::: Data for the task :::

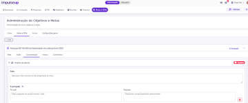Com essa finalidade, a impulse up desenvolveu um segmento especializado para essa análise de desvios dentro do nosso módulo de Metas e OKRs. Esta funcionalidade permite que a investigação da causa raiz e as intervenções necessárias sejam gerenciadas diretamente na plataforma, mantendo-se acessíveis aos administradores e facilitando a gestão do conhecimento.
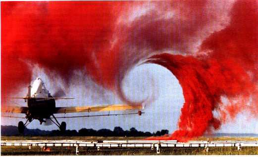 The air flow from the wing of this agricultural plane is made by a technique that uses colored smoke rising from the ground. The swirl at the wingtip traces the aircraft's wake vortex, which exerts a powerful influence on the flow field behind the plane. Because of wake vortex, the Federal Aviation Administration (FAA) requires aircraft to maintain set distances behind each other when they land. A joint NASA-FAA program aimed at boosting airport capacity, however, is aimed at determining conditions under which planes may fly closer together. NASA researchers are studying wake vortex with a variety of tools, from supercomputers to wind tunnels to actual flight tests in research aircraft. Their goal is to fully understand the phenomenon, then use that knowledge to create an automated system that could predict changing wake vortex conditions at airports. Pilots already know, for example, that they have to worry less about wake vortex in rough weather because windy conditions cause them to dissipate more rapidly.
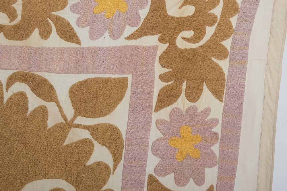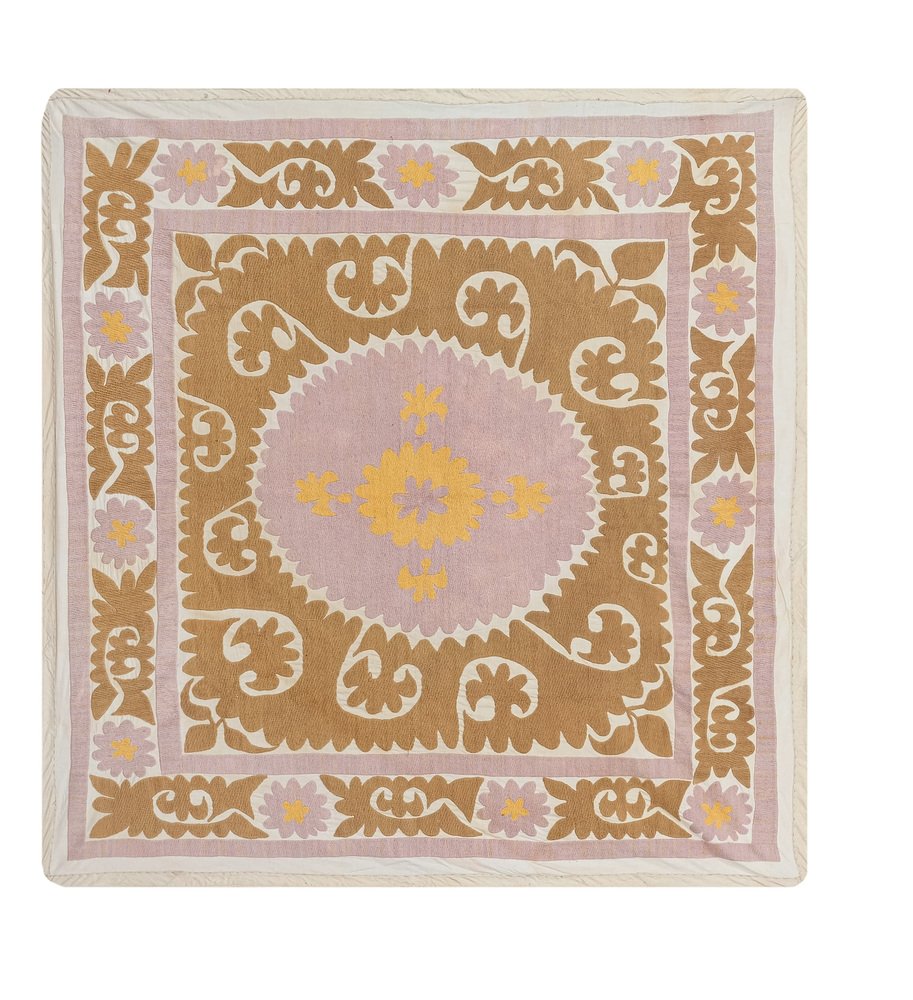 “Suzani” derives from the Anatolian word ""suzan"" for ""needle"" and refers to bright silk embroidered wall hangings and bedspreads that adorned homes of people on festive occasions. Suzanis are practical yet decorative items that took months for 1-2 individuals to make. There are variations in the shade of the silk thread used to embroider this, as is commonly seen in older suzanis that were made for personal use in people’s homes.
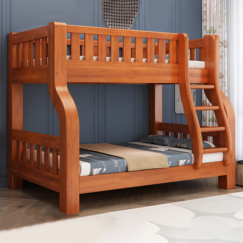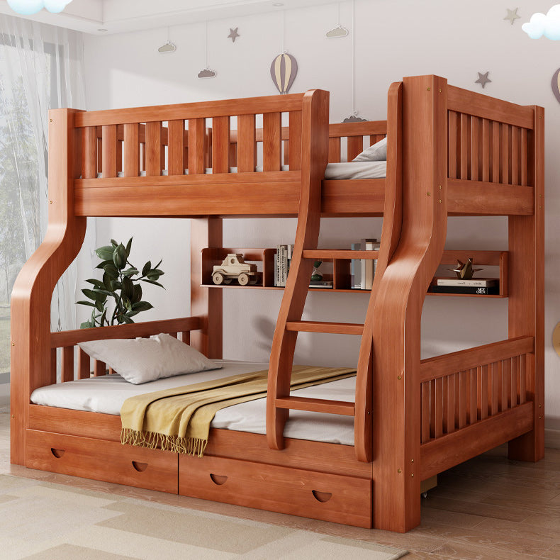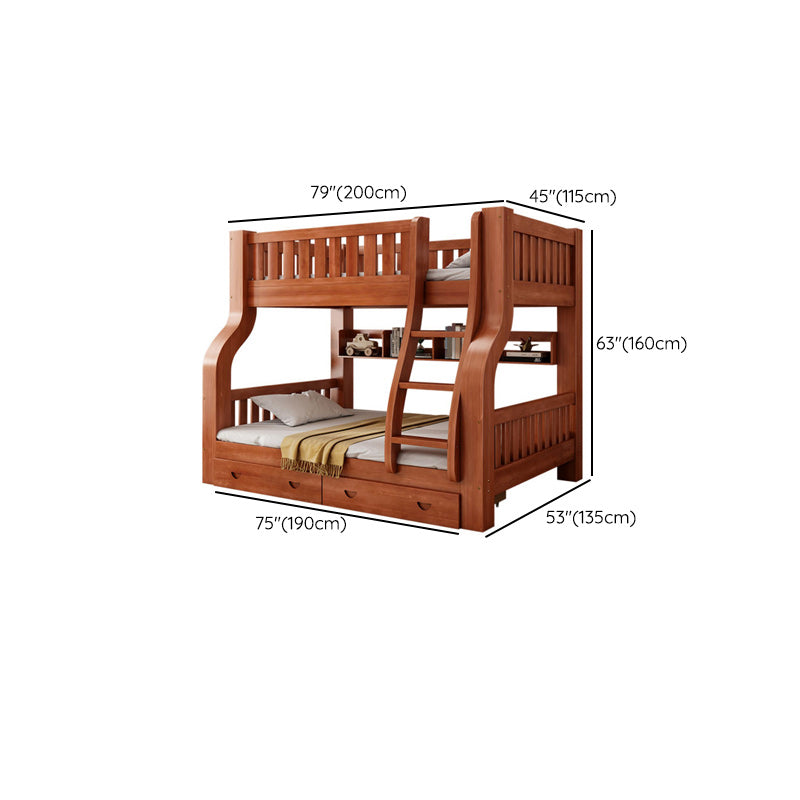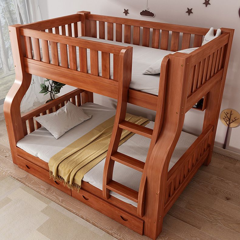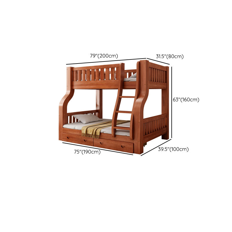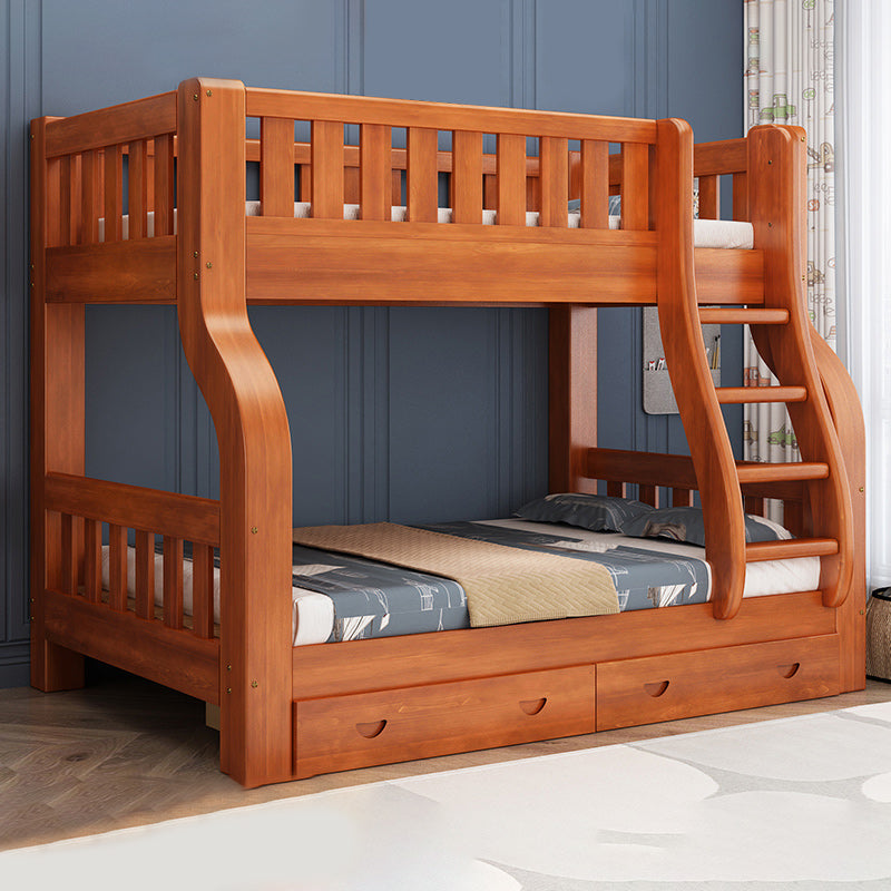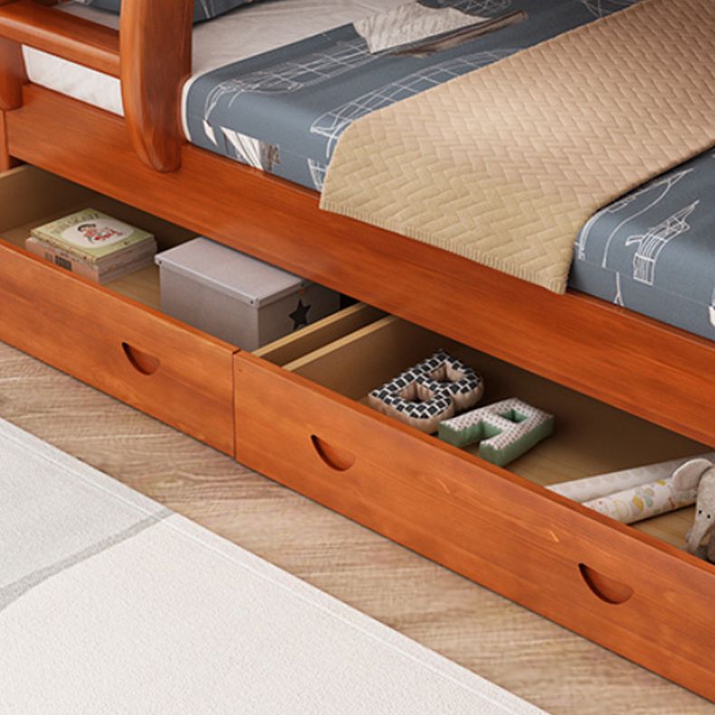 Mid-Century Modern Kids Bed Storage Solid Wood Bunk Bed with Guardrail
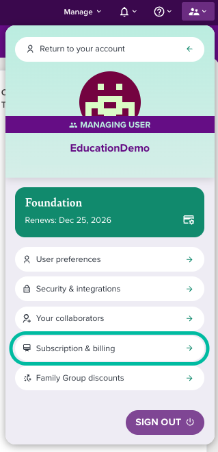 Once you have accepted your clients' invitation to manage their PocketSmith, use Collaborator access to view their account, and head to Profile > Subscription & billing:
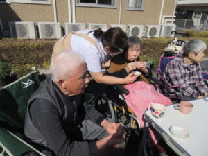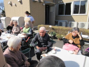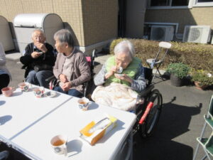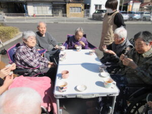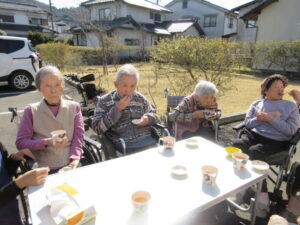 2023.03.12 ハートリンク津山口 🌼 日向ぼっこ 🌼 天気が良いので🌼 日向ぼっこ🌞 外での おやつは 最高だそうです(^_^)v 本日のおやつは 草餅 喉につまらないように 上手に食べられていました(笑) 一覧ページに戻る
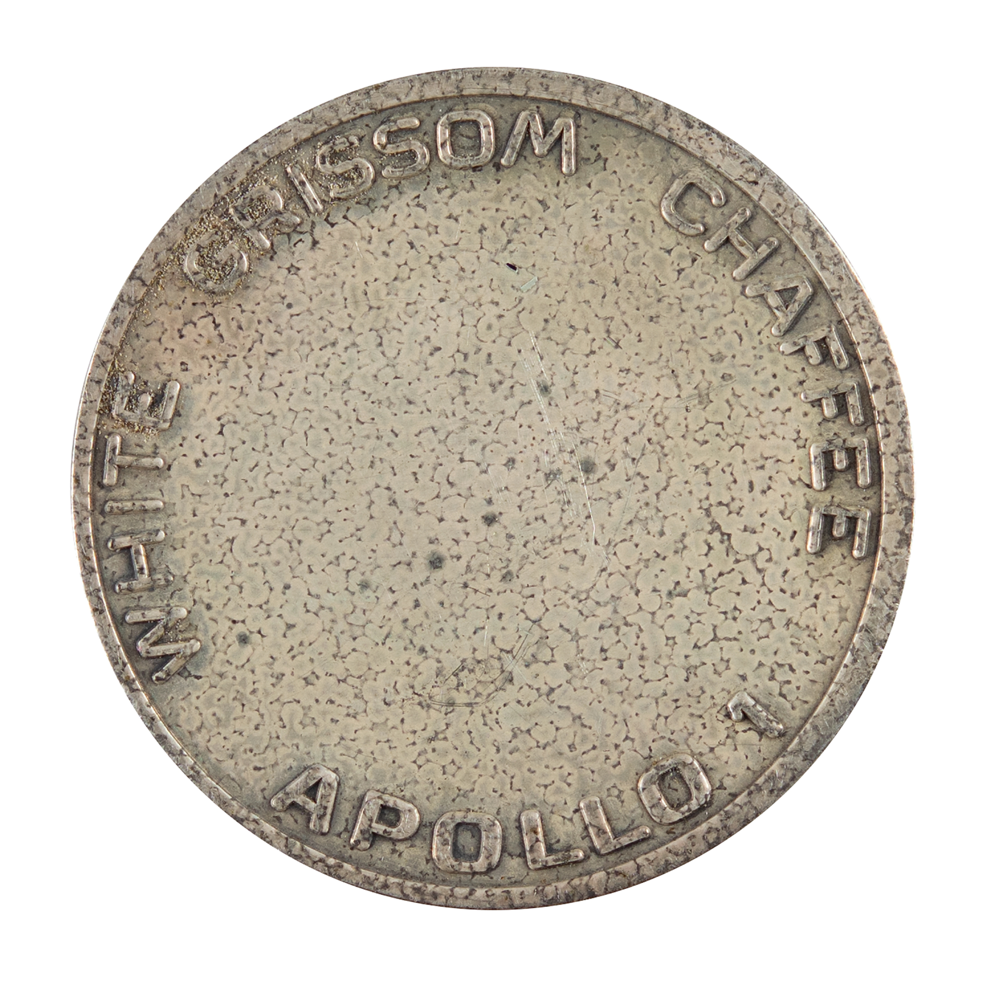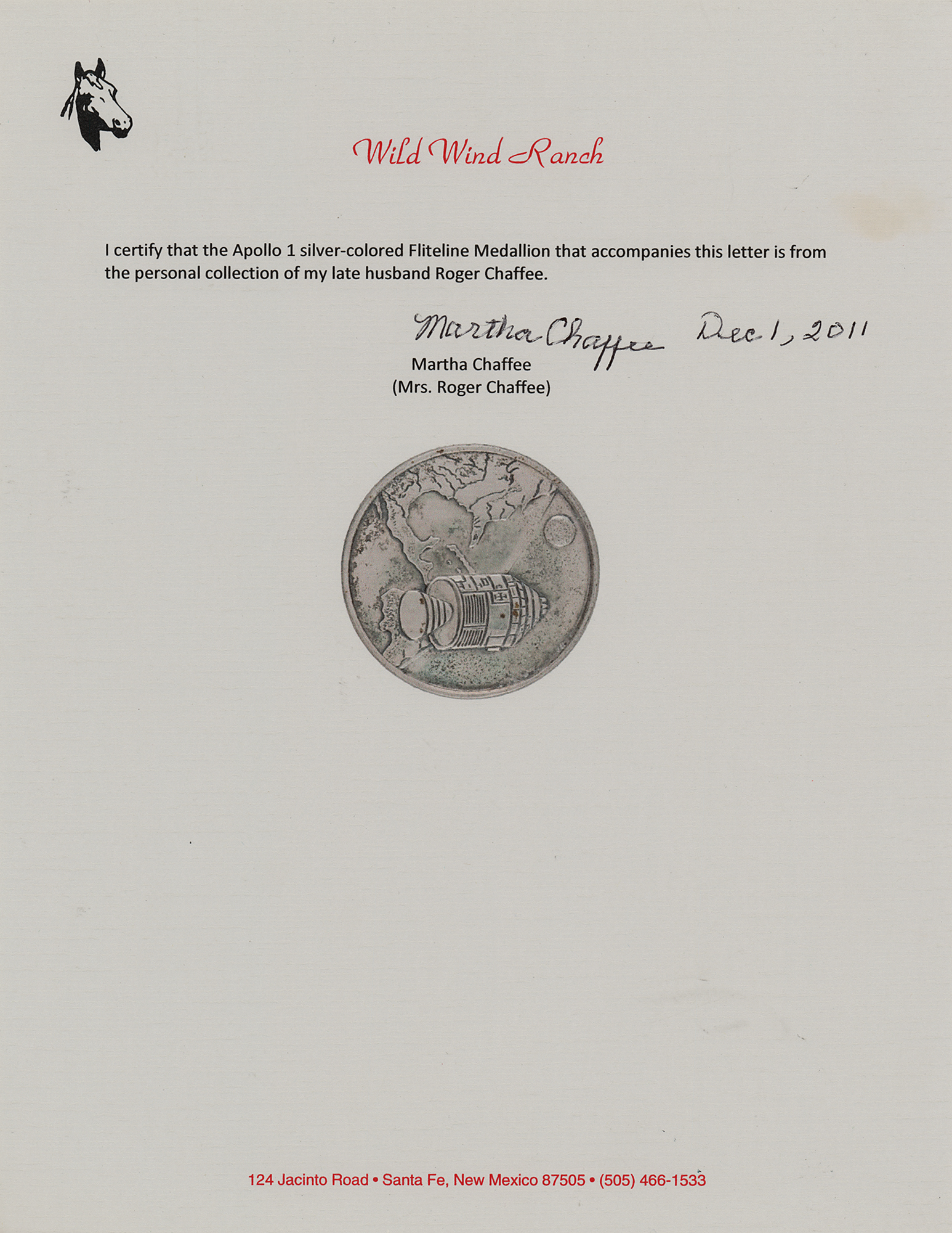Roger Chafee's silver-colored Apollo 1 Fliteline medallion, measuring 1.25″ diameter, commemorating the Apollo 1 mission. The front features a raised design of the mission insignia and the reverse boasts the last names of astronauts Gus Grissom, Ed White, and Roger Chaffee as well as "Apollo 1." Condition is mint state, with light overall tarnishing. Includes the original Fliteline case. Accompanied by a letter of authenticity signed by Chaffee's widow, Martha Chafee, in full: "I certify that the Apollo 1 silver-colored Fliteline Medallion that accompanies this letter is from the personal collection of my late husband Roger Chaffee."

:::

▶ [About this task]:
Exactly the lines from the one that contains "2023.03.12 ハートリンク津山口 🌼" to the last line of the data, both included, should be set down, and no pictures should appear among them.

▶ [Answer section]:
 2023.03.12 ハートリンク津山口 🌼 日向ぼっこ 🌼 天気が良いので🌼 日向ぼっこ🌞 外での おやつは 最高だそうです(^_^)v 本日のおやつは 草餅 喉につまらないように 上手に食べられていました(笑) 一覧ページに戻る
Roger Chafee's silver-colored Apollo 1 Fliteline medallion, measuring 1.25″ diameter, commemorating the Apollo 1 mission. The front features a raised design of the mission insignia and the reverse boasts the last names of astronauts Gus Grissom, Ed White, and Roger Chaffee as well as "Apollo 1." Condition is mint state, with light overall tarnishing. Includes the original Fliteline case. Accompanied by a letter of authenticity signed by Chaffee's widow, Martha Chafee, in full: "I certify that the Apollo 1 silver-colored Fliteline Medallion that accompanies this letter is from the personal collection of my late husband Roger Chaffee."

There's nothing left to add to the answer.